For a given matrix $A\in M_{m\times n}(\mathbb{R})$, with Frobenius norm and based on singular valued decomposition one can easily see that $UA$ generates the set $S=\{UA|U\in O(m)\}$ where we have $$\forall U\in O(m), \|UA\|_F=\|A\|_F.$$
It appears to me this set should be a sphere and its dimension should somehow be related to the rank of $A$ but I am unable to draw anything. Is there any known result in this direction or can somebody give me some hints?
Thank you for this interesting question. I'd like to answer it as follows. I'm going to use some facts about topology, groups, operations, orbits, etc. Hopefully, you're familiar with that.

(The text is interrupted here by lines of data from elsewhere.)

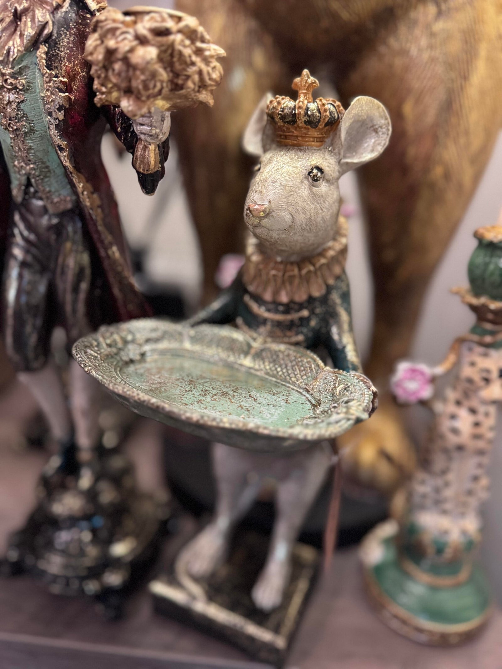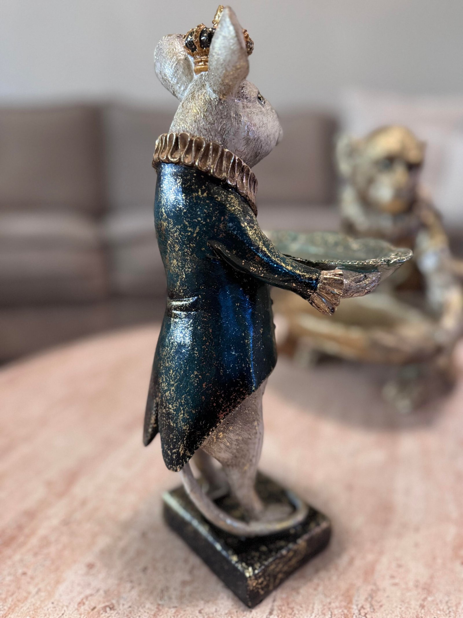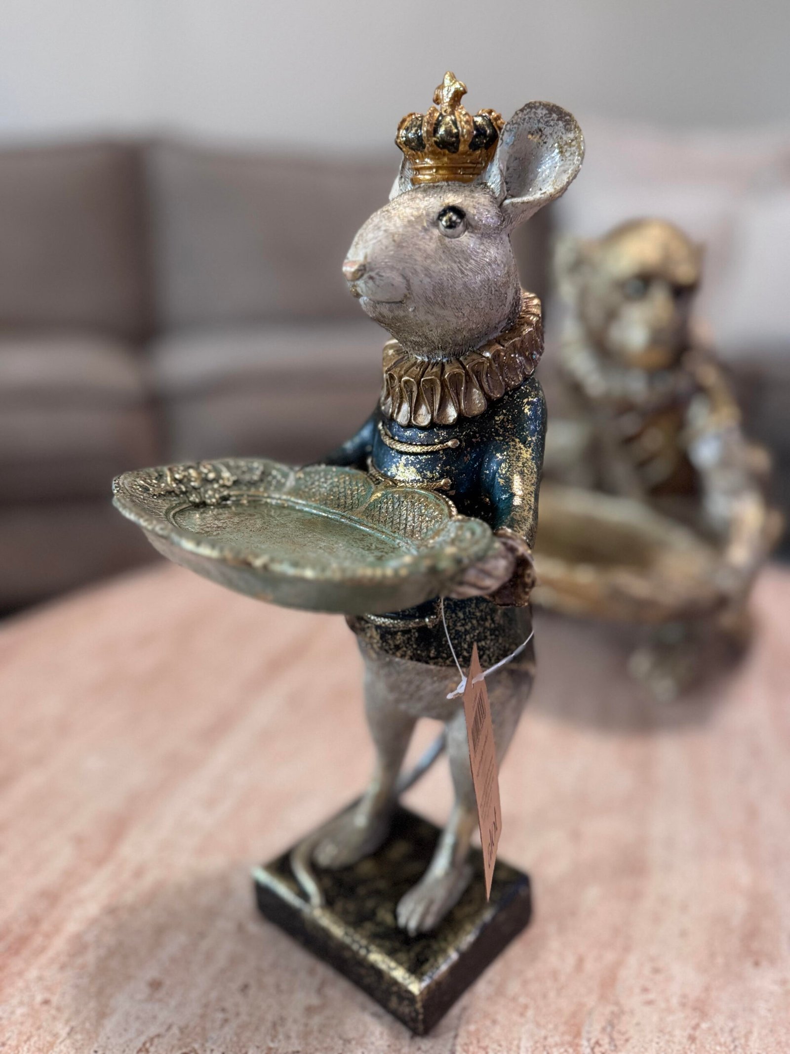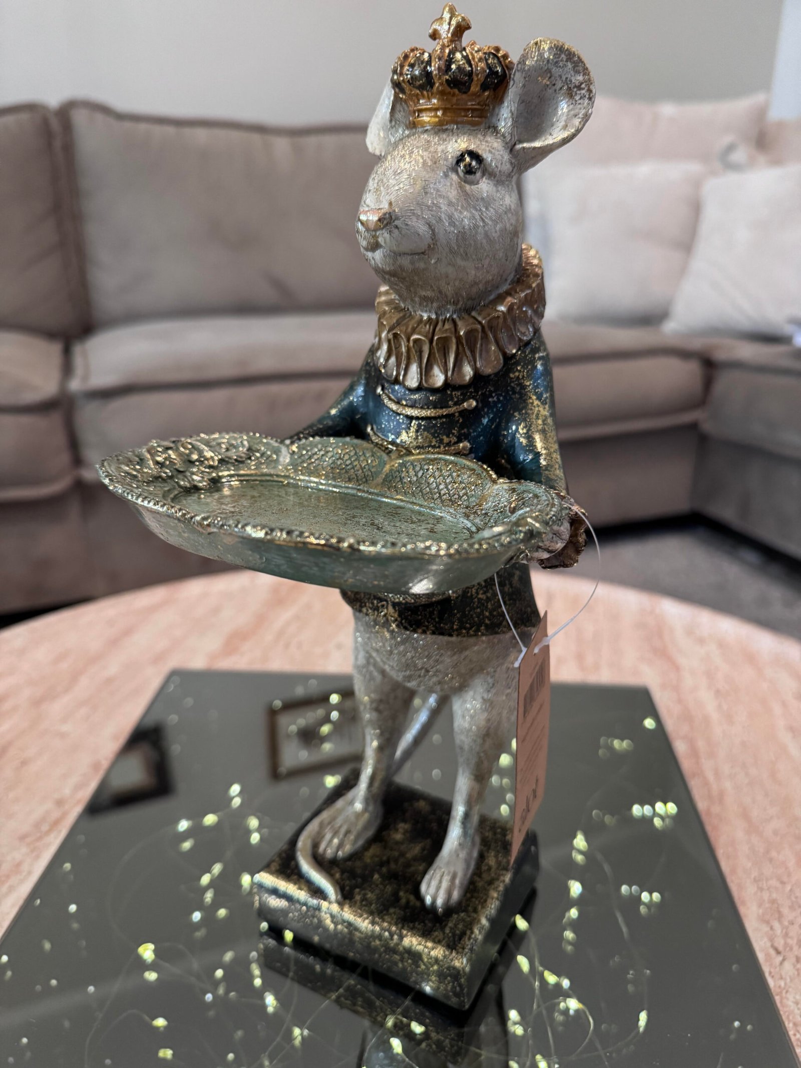 Karališkas peliukas rankose laikantis padėklą.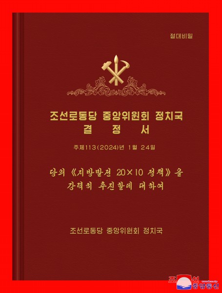 Vážený soudruh Kim Čong Un přednesl hlavní projev „O rázném provádění stranické politiky 20 × 10 pro rozvoj periferií“. (Význam tohoto názvu zpráva neobjasňuje, pozn. překl.)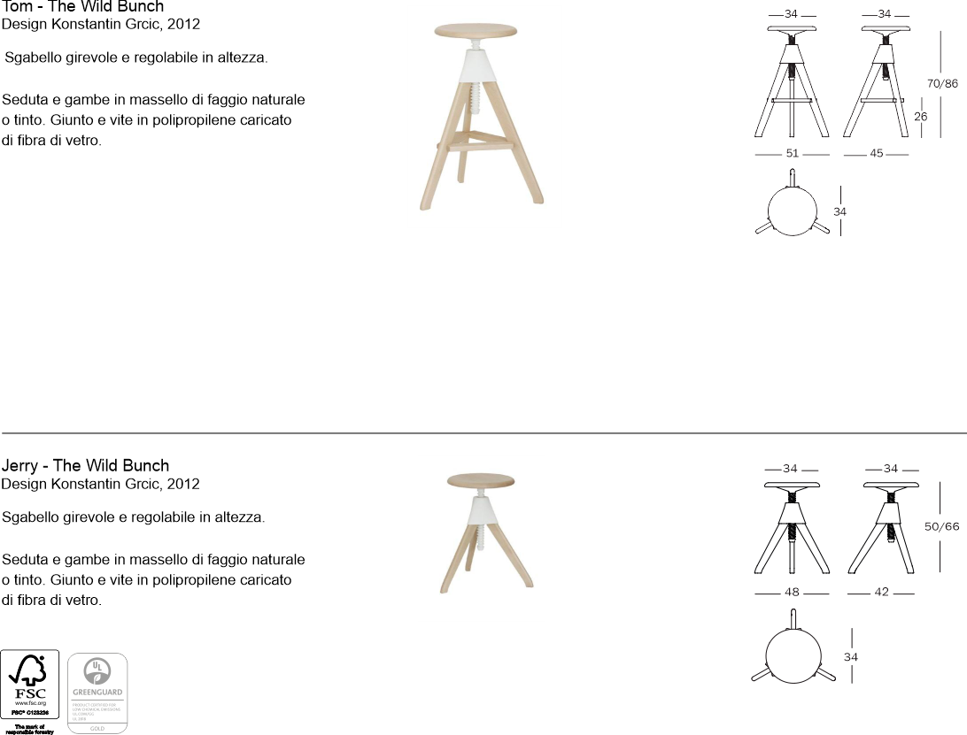 Materiali: seduta e gambe in massello di faggio naturale o tinto; giunto e vite in polipropilene caricato di fibra di vetro.
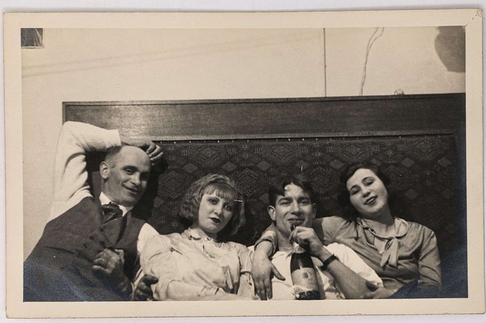 Quatro album (ca. 30x21 cm) with 36 stock leaves, photos are loosely inserted on the pages. Period full-cloth binding. Edges worn. Otherwise in very good condition.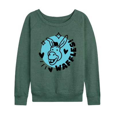 Women's - Shrek - Born To Yap Donkey Lightweight French Terry Wide Neck Long Sleeve Graphic Shirt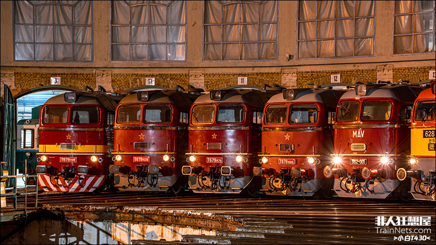 2025年9月27日,匈牙利布达佩斯铁路公园,五台超过50岁的M62机车停在一起。1965年第一台量产版M62(M62-001)交付给匈牙利铁路MÁV,命名规则根据匈牙利从瑞典购买的M61而来,一代传奇机车M62从此几乎开始出现在所有当时的社会主义国家。1966年,当时的捷克斯洛伐克同样购买了来自苏联卢甘斯克的M62机车,命名为T679。2025年,MÁV将M62-001彻底重新修复,完全恢复了其60年前的面貌。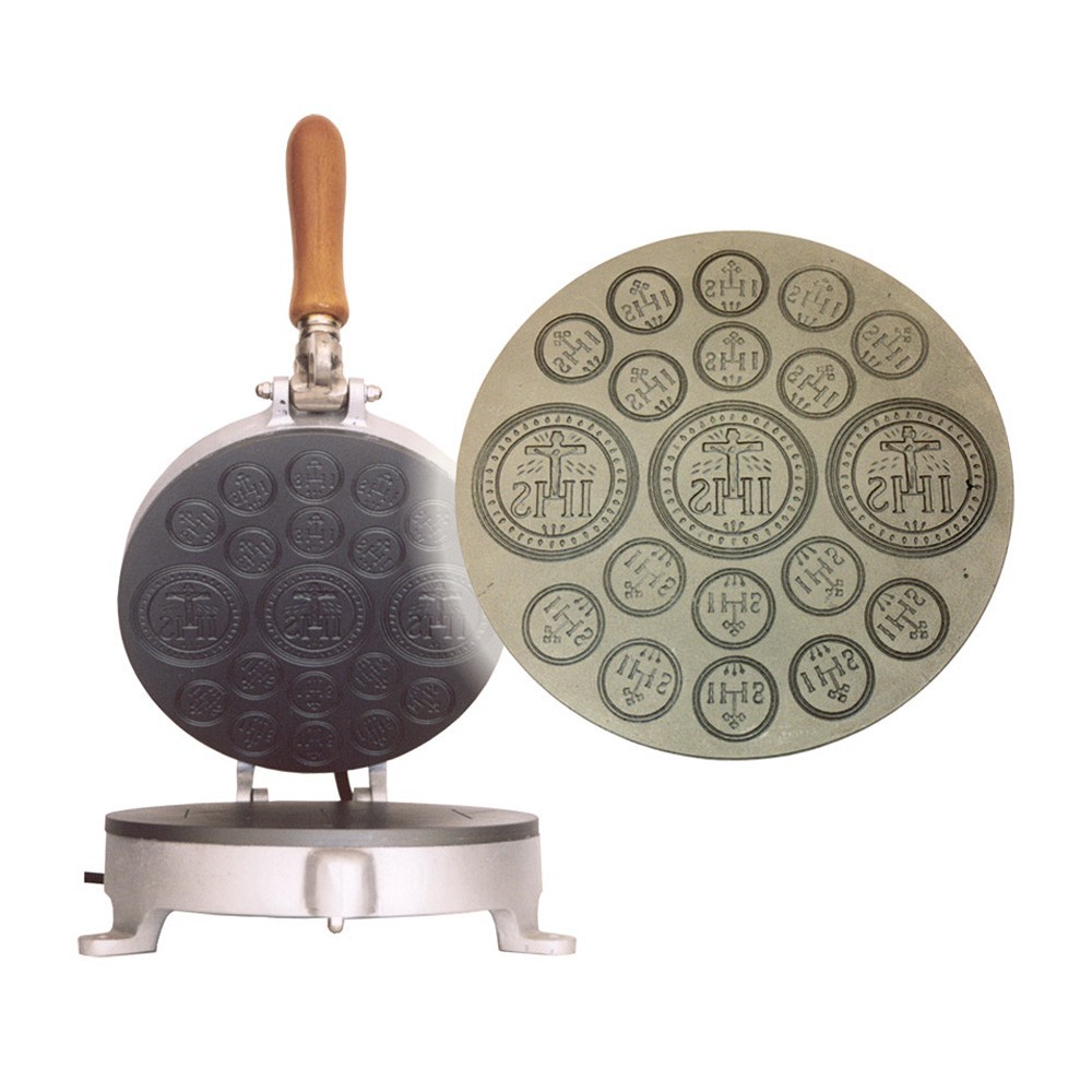 Questo stampo per la produzione di ostie sacre è di tipo medio, da 1.300 watt con alimentazione a 220 volt. Per ogni cialda si ottengono 3 ostie grandi da (7,5 cm ) e 16 particole di ottima qualità.

First, let us review your initial observation, namely that for $v \in \mathbb R^m \setminus \{0\}$, the set $O(m)v$ is $S_{|v|}^{m - 1}$, the sphere of radius $|v|$ in $\mathbb R^m$ centered at the origin. Of course, this follows from the construction of $O(m)$. Now, consider the map $$\Phi: O(m) \rightarrow S_{|v|}^{m -1} \subseteq \mathbb R^m,A \mapsto Av.$$ In other words, $\Psi$ maps $O(m)$ to the orbit of $v$ under $O(m)$ in $\mathbb R^m$. This map is continuous and surjective. Let $$F_v := \left\{ A \in O(m) \mid| Av = v \right\}$$ be the stabilizer of $v$ in $O(m)$. Then, by using some standard facts about groups, operations, and orbits, $\Phi$ induces a bijections $$\overline\Phi : O(m) / F_v \rightarrow S_{|v|}^{m -1}.$$ By using some facts about topological groups, $\overline\Phi$ is continuous, and, by using the compactness of $O(m)$ (and some more topological technicalities), even a homeomorphism. In words, we have shown that the Orbit $O(m)v$ is homeomorphic to the group $O(m)$ modulo the stabilizer $F_v$.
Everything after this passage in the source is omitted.